México ocupa actualmente el lugar 124 de 180 países en la Clasificación Mundial de la Libertad de Prensa elaborada por Reporteros Sin Fronteras. Esa posición no solo retrata una estadística, sino una realidad cotidiana: la de un periodismo que se ejerce con miedo, sin garantías, sin blindaje institucional.

La intimidación proviene de todos los frentes. Del crimen organizado, que impone zonas de silencio a sangre y fuego. De autoridades locales coludidas con intereses oscuros. Y también del poder político, que aunque cambie de rostro o de colores, rara vez deja de ver al periodismo como una amenaza que hay que desactivar.

Claudia Sheinbaum llegó al poder con la promesa de reducir la violencia contra los periodistas y garantizar condiciones dignas para el ejercicio informativo. Un discurso menos estridente que el de su antecesor, sí, pero aún sin políticas estructurales que cambien de fondo la situación.

El panorama mediático sigue acotado de una mil formas por el poder en turno. Los periodistas independientes, en muchas ocasiones, solo encuentran refugio en las redes sociales, donde la precariedad y la desprotección son moneda corriente.

México padece, además, una de las mayores concentraciones mediáticas del continente. Las grandes corporaciones –Televisa, TV Azteca, y otros cuantos – marcan la agenda, distribuyen los espacios y moldean la opinión pública desde una lógica comercial más que informativa. En este contexto, abrir un medio nuevo, alternativo, es un acto de resistencia. Sostenerlo, un milagro que se tiene que concretar todos los días.

Pero el asedio a la prensa no es exclusivo de nuestro país. En casi toda América Latina, el periodismo enfrenta retrocesos peligrosos. En Nicaragua, el régimen de Ortega ha barrido con los medios críticos y empujado al exilio a cientos de periodistas.

En El Salvador, Nayib Bukele consolida su hegemonía a punta de propaganda y ataques a la prensa independiente. En Argentina, Javier Milei ha emprendido una cruzada contra los medios públicos y estigmatiza a los reporteros desde el poder. Perú, Venezuela, Haití… la lista se alarga y duele.

Y mientras en algunos países la represión es directa y brutal, en otros se sofoca el periodismo por asfixia económica. Las redacciones se vacían, los ingresos se esfuman, y las plataformas digitales concentran el dinero sin redistribuir el valor.

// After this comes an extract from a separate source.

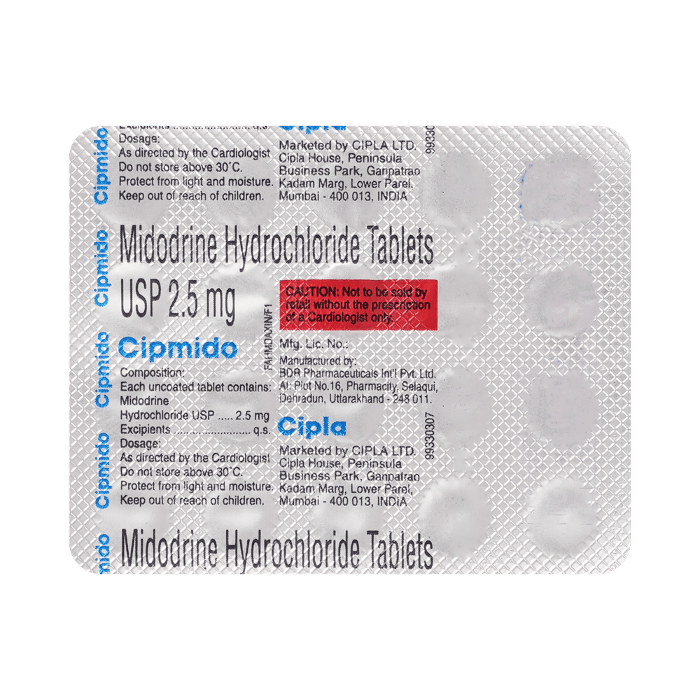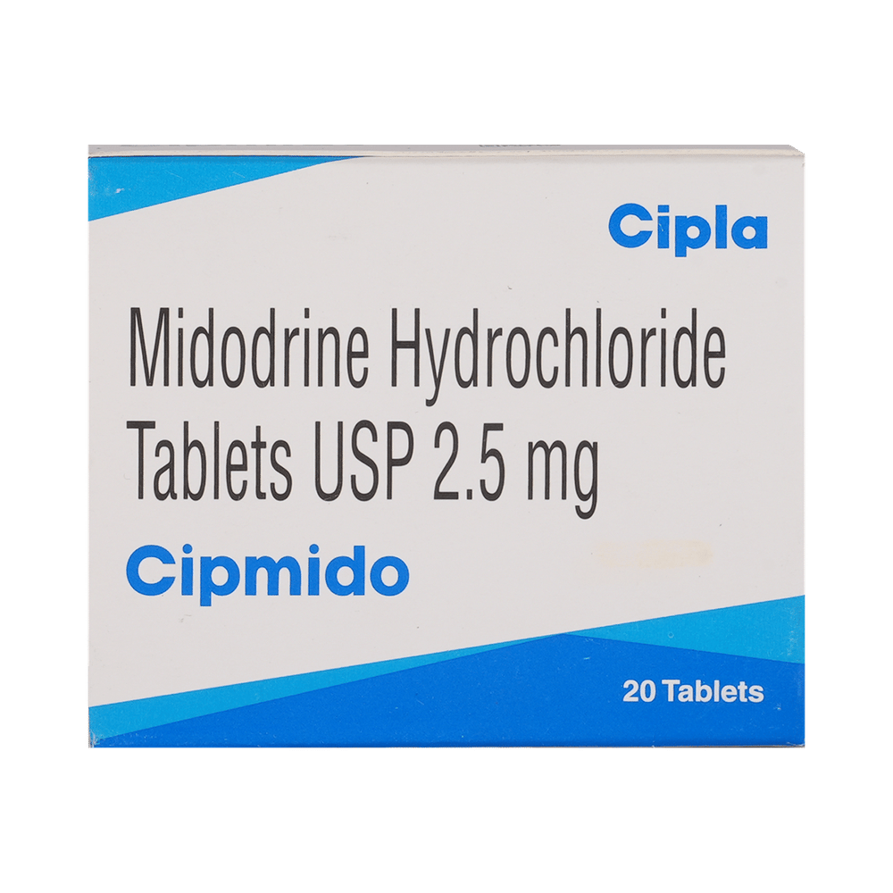 Cipmido 2.5mg Tablet is used to treat low blood pressure (hypotension). It is used in patients who experience dizziness due to low blood pressure while standing up suddenly from a sitting or lying position. This medicine causes tightening of blood vessels and results in an elevation of your blood pressure. Cipmido 2.5mg Tablet can be taken with or without food. This medicine is taken during daytime hours when people stand most often. But, it should not be taken if you are going to lie down for a long time after the dose. You should always take this medicine as advised by the doctor and should never stop it without consulting the doctor. You should monitor your blood pressure regularly while taking this medicine.Common side effects of this medicine include headache, nausea, rash, urinary retention, difficulty urination, and flushing. It may also cause supine hypertension, which is an increase in your blood pressure while lying down. Consult your doctor if these side effects bother you.Before taking this medicine, it is better to let your doctor know if you are suffering from any kidney or liver disease. Also, pregnant women and breastfeeding mothers should consult a doctor before taking it. You must inform the doctor about all the other medicines that you are taking apart from this medicine. Your doctor may ask for monitoring of kidney and liver function before and during the treatment with this medicine.

La precarización se ha convertido en una forma silenciosa pero eficaz de censura. A falta de recursos, muchos medios optan por reproducir comunicados oficiales o evitar temas incómodos. La autocensura ya no es una traición al oficio: es, muchas veces, la única forma de sobrevivir.

En este clima, la función democrática del periodismo –la de informar con veracidad, de fiscalizar al poder, de narrar lo que otros prefieren ocultar– está en riesgo. Y cuando el periodismo se apaga, la desinformación ocupa su lugar. Las narrativas falsas, la propaganda y los discursos de odio florecen en el vacío, debilitando aún más a nuestras democracias.

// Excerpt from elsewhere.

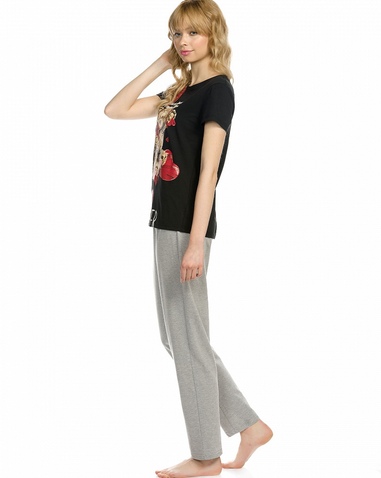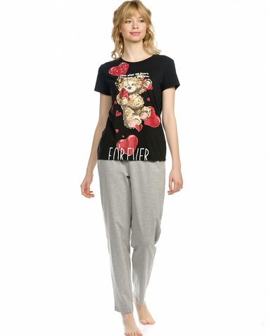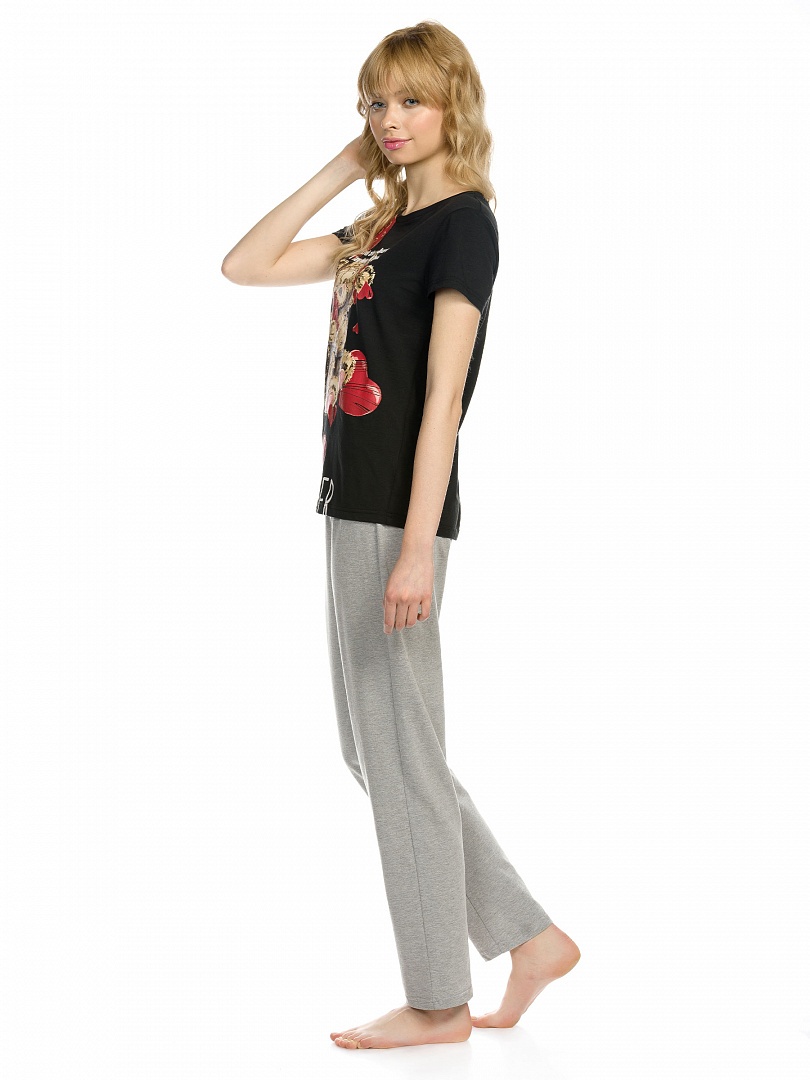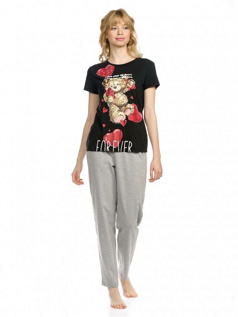 Комплект женский: футболка и брюки. Футболка прямого кроя среднего объема. Суперстойкий эластичный принт. Перевод: "Заботься о моем сердце. Я оставляю его тебе. Навсегда". Брюки умеренного объема из меланжа, на комфортной внутренней резинке. Состав: верх: 57%хлопок 38%полиэстер 5%эластан, низ: 60%хлопок 40%полиэстер

No es nuevo ni oculto para la sociedad, que en México y América, cuando le periodismo cuestiona a los actuales regímenes, la reacción del poder es inmediata, muchas veces ya no es necesaria una acción directa de éste, de manera instantánea se activa todo un sistema, primero de defensa a ultranza de sectores y ciudadanos fieles, para después atacar directamente al periodista de manera personal hasta intentar destruir no solo su trabajo sino su nombre.

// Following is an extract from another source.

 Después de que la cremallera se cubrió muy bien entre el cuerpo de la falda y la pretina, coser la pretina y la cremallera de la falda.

No hay libertad de prensa sin condiciones materiales y de seguridad para ejercerla. No hay periodismo libre si decir la verdad cuesta la vida, la libertad o el sustento. Y no hay democracia posible cuando el silencio se impone por miedo.

La región entera enfrenta un dilema histórico: o protege a sus periodistas o se resigna a convertirse en un territorio sin voces, sin crítica y, por ende, sin ciudadanía plena.